* [Work to complete] Skip the pictures. Set down, word for word, the lines from the start of the material up to and including the line with "Entropy —- Pitt".

* [Input material]
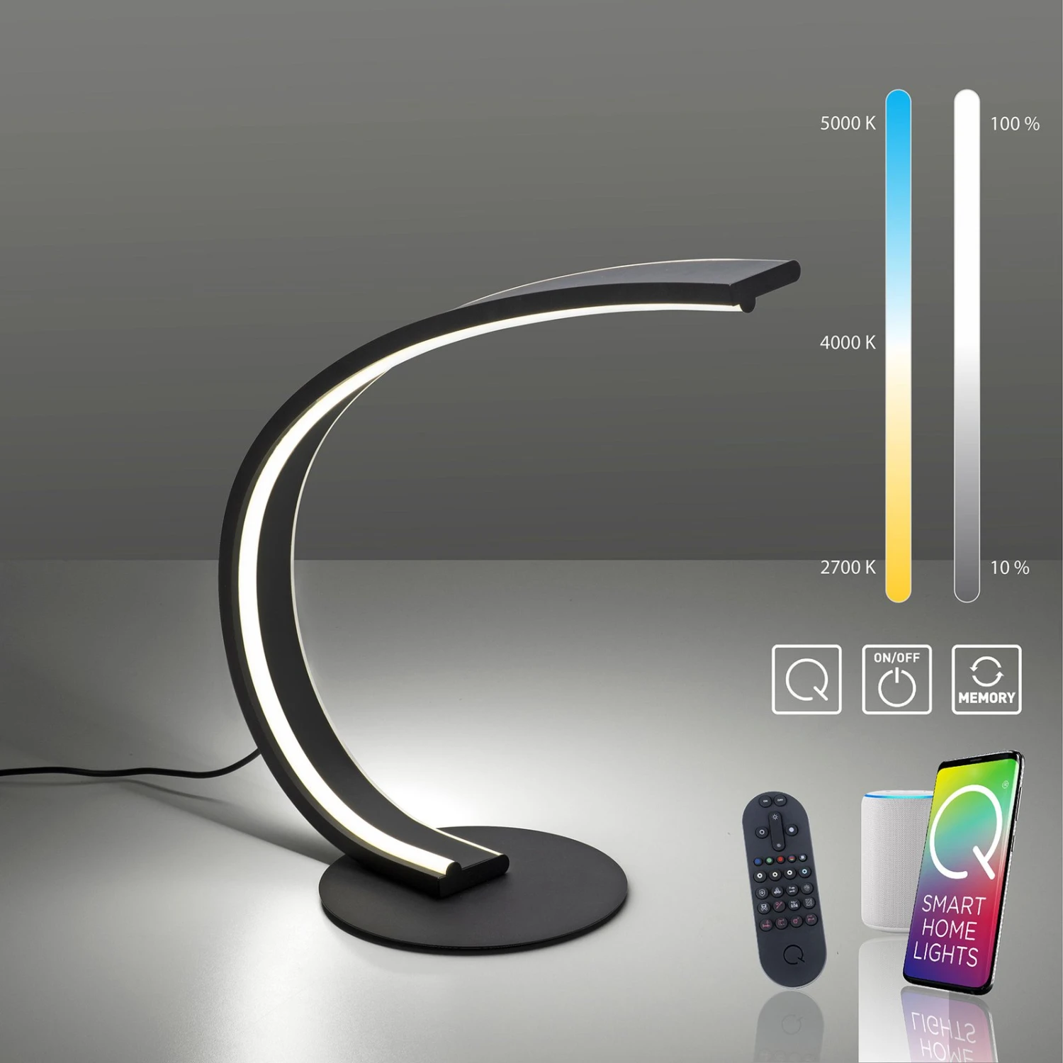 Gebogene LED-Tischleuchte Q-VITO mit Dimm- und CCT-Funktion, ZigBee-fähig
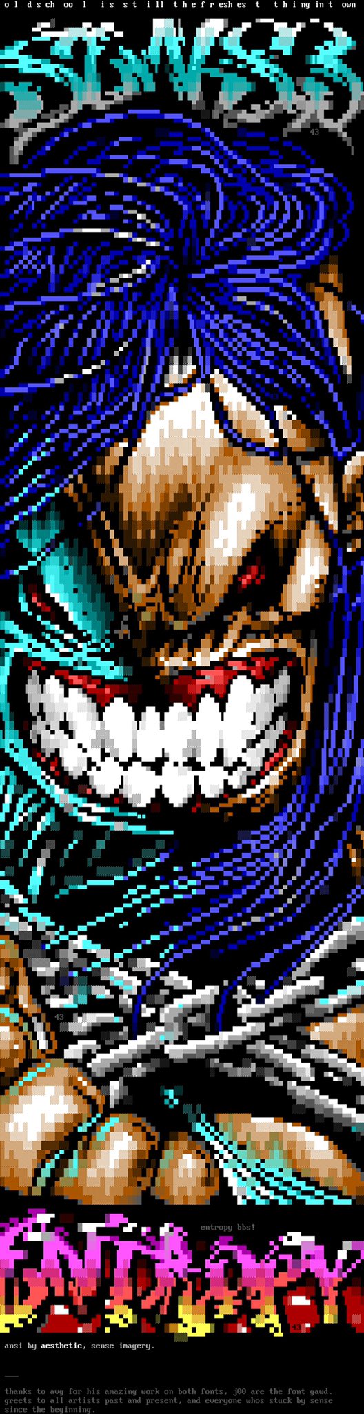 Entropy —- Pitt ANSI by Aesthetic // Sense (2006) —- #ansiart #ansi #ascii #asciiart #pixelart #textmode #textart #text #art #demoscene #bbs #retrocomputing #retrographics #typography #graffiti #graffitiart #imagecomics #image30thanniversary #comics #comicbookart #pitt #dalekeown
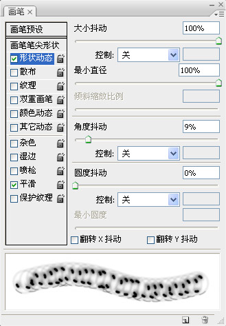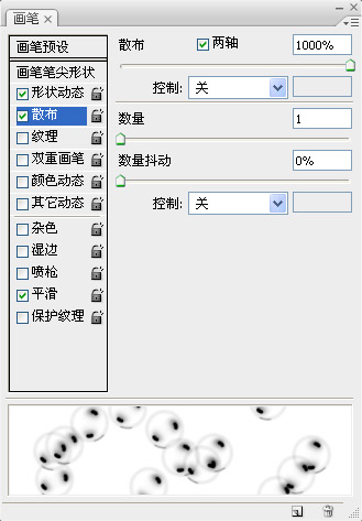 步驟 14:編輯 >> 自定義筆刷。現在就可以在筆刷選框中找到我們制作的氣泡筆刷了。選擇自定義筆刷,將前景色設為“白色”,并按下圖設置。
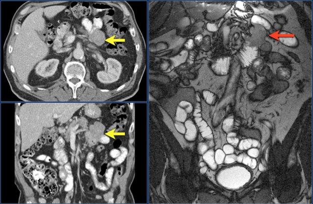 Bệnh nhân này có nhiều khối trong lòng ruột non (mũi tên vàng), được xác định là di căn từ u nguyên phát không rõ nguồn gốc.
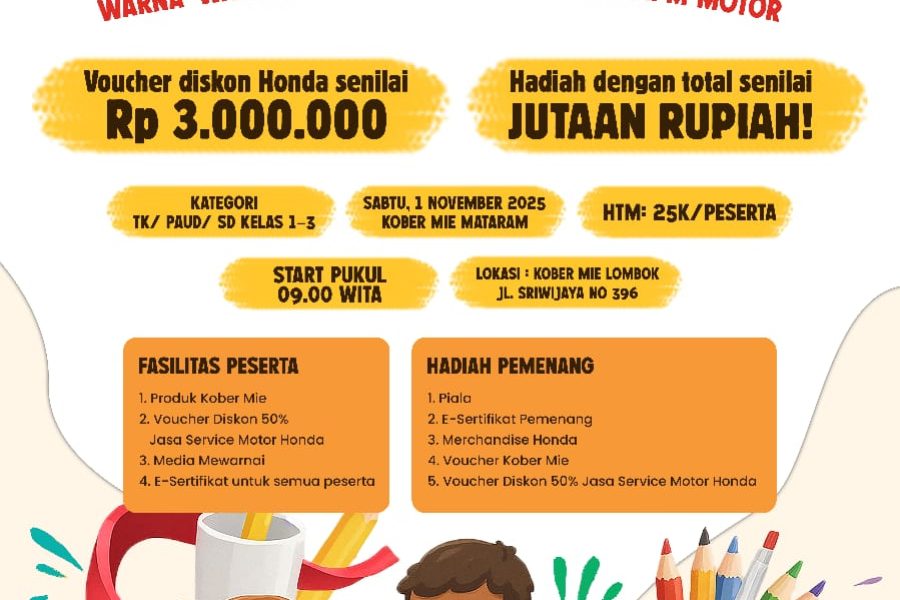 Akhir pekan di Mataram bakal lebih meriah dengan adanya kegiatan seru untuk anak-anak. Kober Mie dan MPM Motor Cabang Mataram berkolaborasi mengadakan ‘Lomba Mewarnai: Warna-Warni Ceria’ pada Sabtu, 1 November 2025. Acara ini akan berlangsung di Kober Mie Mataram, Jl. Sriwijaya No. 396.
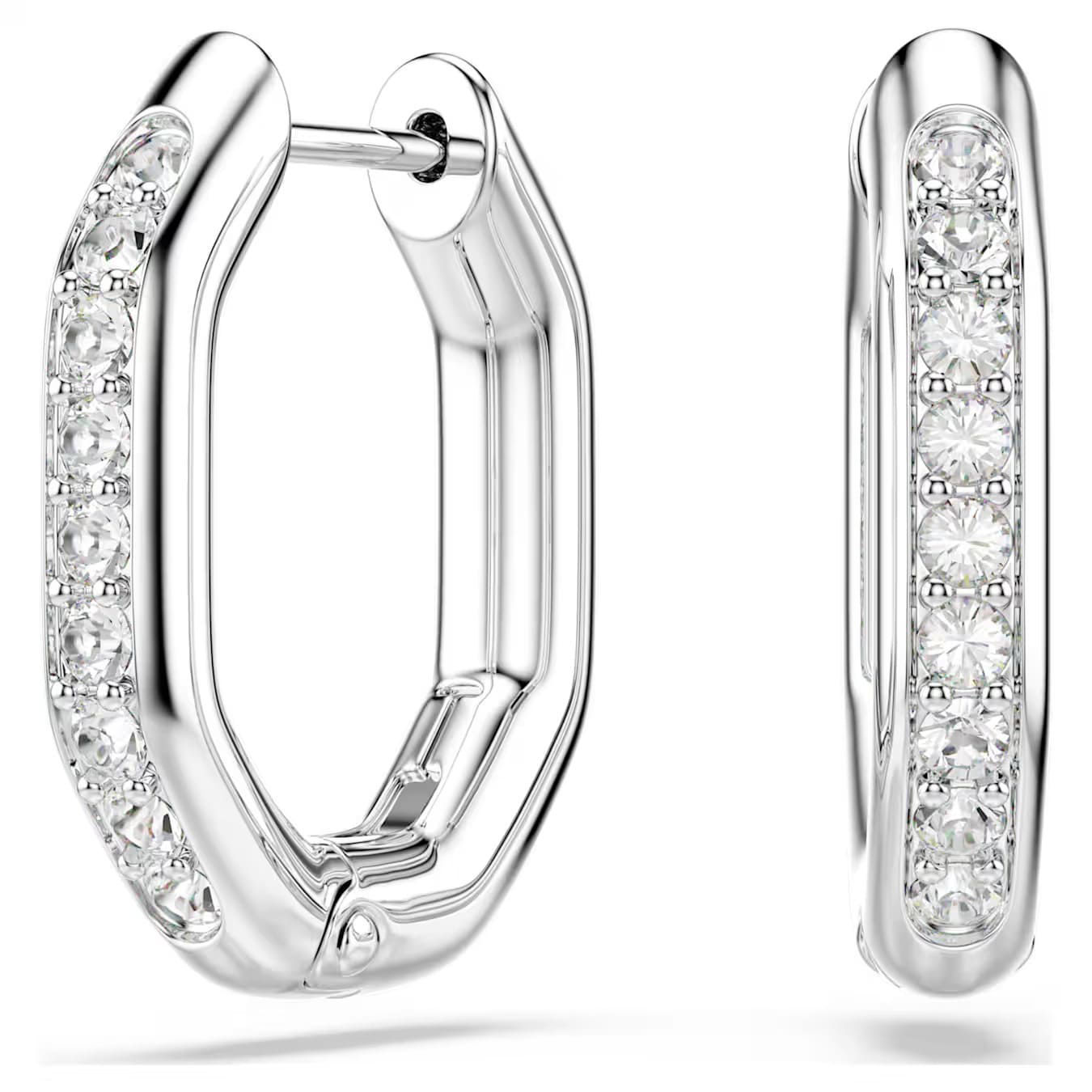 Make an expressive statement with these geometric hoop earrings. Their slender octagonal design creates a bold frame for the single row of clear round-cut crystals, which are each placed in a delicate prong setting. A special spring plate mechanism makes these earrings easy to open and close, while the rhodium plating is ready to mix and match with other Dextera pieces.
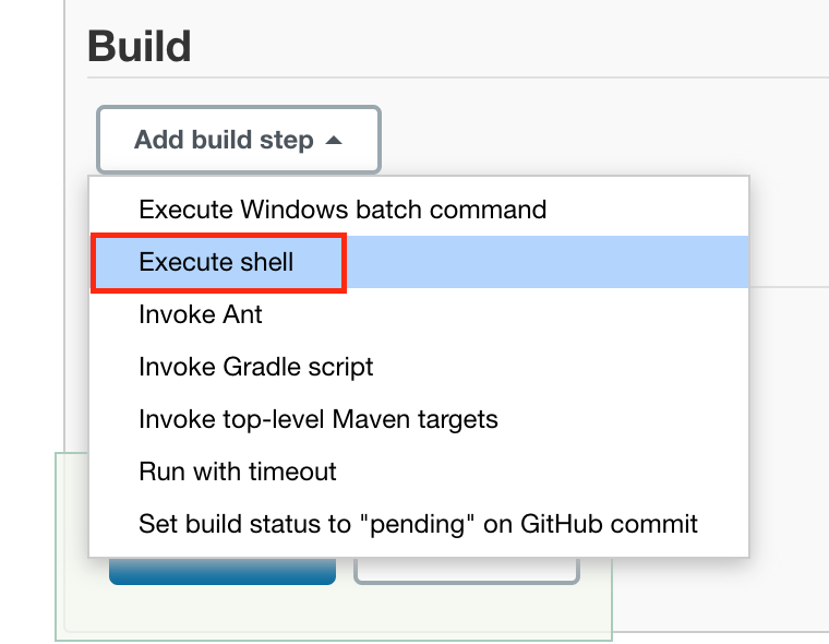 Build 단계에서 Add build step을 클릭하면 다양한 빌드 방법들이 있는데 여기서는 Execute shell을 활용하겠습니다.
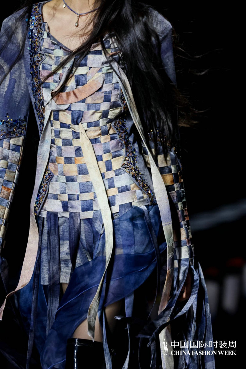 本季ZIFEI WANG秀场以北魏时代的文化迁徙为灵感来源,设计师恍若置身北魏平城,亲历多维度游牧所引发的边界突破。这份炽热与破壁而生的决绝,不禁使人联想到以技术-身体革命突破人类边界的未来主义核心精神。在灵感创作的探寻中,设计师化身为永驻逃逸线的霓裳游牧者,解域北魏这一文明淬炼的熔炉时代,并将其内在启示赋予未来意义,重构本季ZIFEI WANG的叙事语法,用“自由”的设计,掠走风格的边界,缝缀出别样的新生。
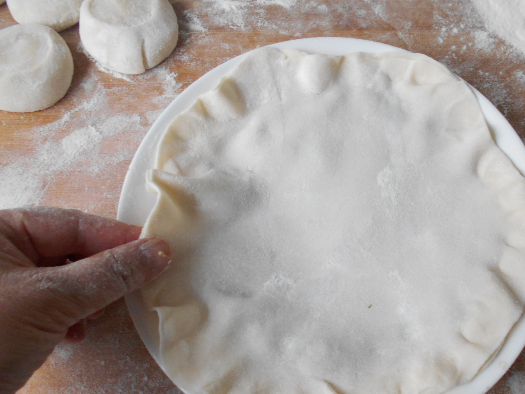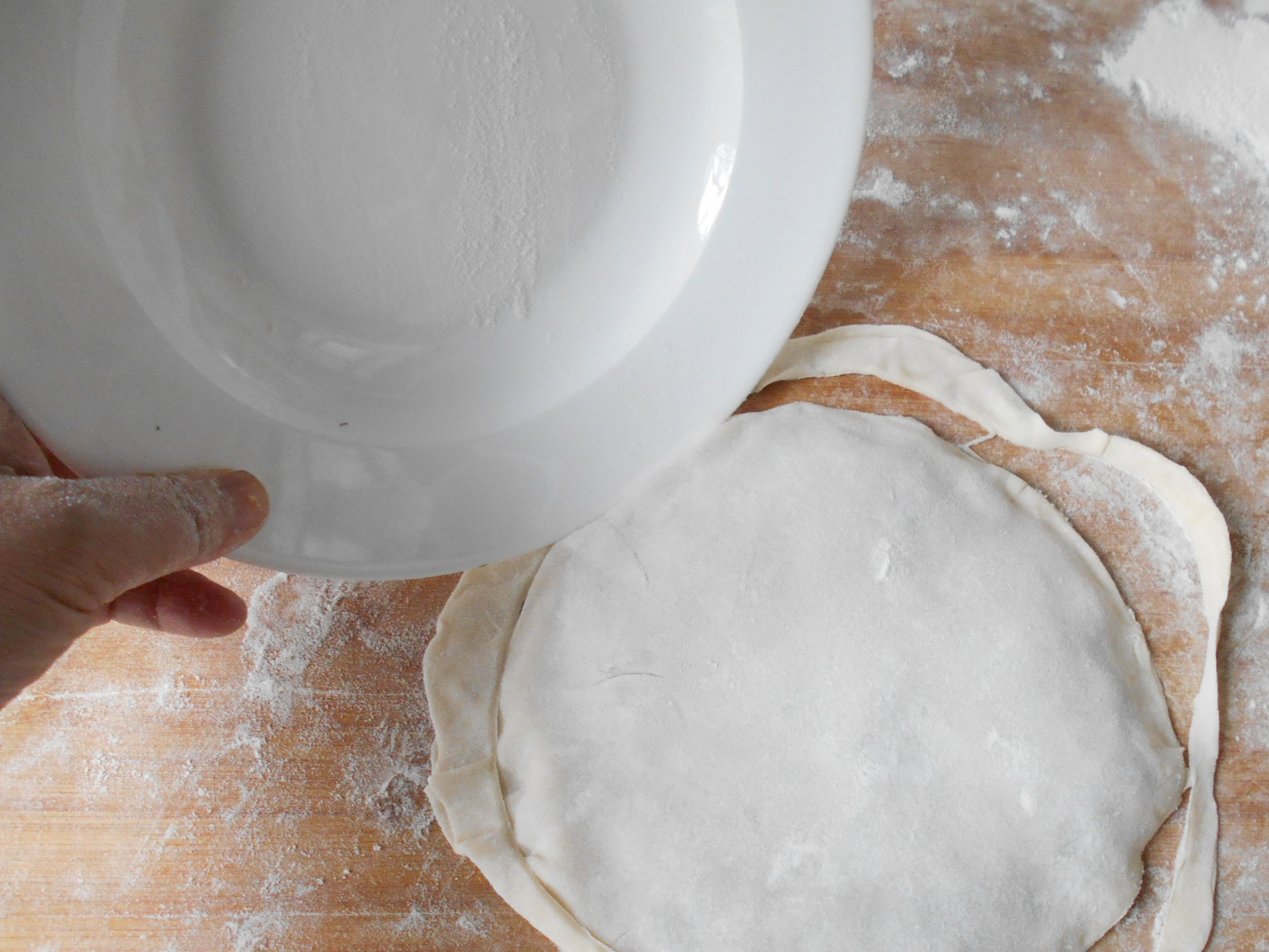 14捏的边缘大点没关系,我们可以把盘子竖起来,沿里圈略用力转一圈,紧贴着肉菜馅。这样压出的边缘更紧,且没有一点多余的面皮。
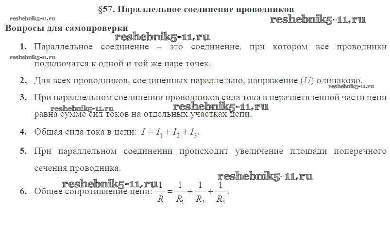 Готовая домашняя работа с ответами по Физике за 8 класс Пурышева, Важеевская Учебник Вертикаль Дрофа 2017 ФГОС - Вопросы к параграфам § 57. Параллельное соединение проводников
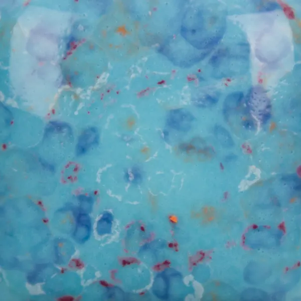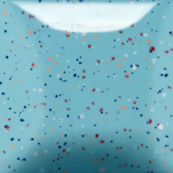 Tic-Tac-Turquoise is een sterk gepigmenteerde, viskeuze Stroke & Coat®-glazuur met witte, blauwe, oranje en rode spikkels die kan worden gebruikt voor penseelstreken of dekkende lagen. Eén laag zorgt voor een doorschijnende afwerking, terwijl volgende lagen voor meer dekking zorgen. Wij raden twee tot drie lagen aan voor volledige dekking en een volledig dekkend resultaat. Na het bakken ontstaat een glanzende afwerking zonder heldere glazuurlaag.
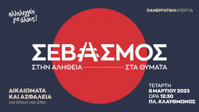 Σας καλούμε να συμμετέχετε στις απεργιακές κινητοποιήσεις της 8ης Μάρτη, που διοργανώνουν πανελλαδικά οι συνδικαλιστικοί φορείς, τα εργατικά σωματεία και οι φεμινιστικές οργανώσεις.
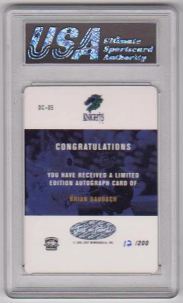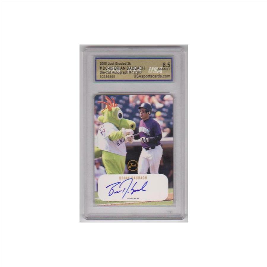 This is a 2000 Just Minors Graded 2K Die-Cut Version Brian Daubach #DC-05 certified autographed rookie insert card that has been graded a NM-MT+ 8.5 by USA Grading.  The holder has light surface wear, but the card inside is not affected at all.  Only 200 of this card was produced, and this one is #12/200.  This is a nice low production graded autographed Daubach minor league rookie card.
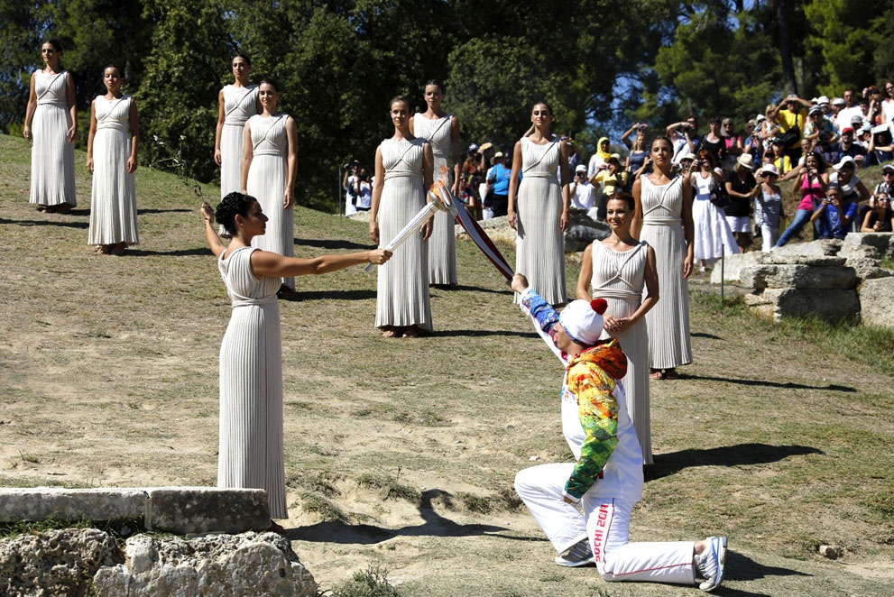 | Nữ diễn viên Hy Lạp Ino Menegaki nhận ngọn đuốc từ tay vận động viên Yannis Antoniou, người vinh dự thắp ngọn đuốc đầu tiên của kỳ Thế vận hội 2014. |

* [Written response]
 Gebogene LED-Tischleuchte Q-VITO mit Dimm- und CCT-Funktion, ZigBee-fähig
 Entropy —- Pitt ANSI by Aesthetic // Sense (2006) —- #ansiart #ansi #ascii #asciiart #pixelart #textmode #textart #text #art #demoscene #bbs #retrocomputing #retrographics #typography #graffiti #graffitiart #imagecomics #image30thanniversary #comics #comicbookart #pitt #dalekeown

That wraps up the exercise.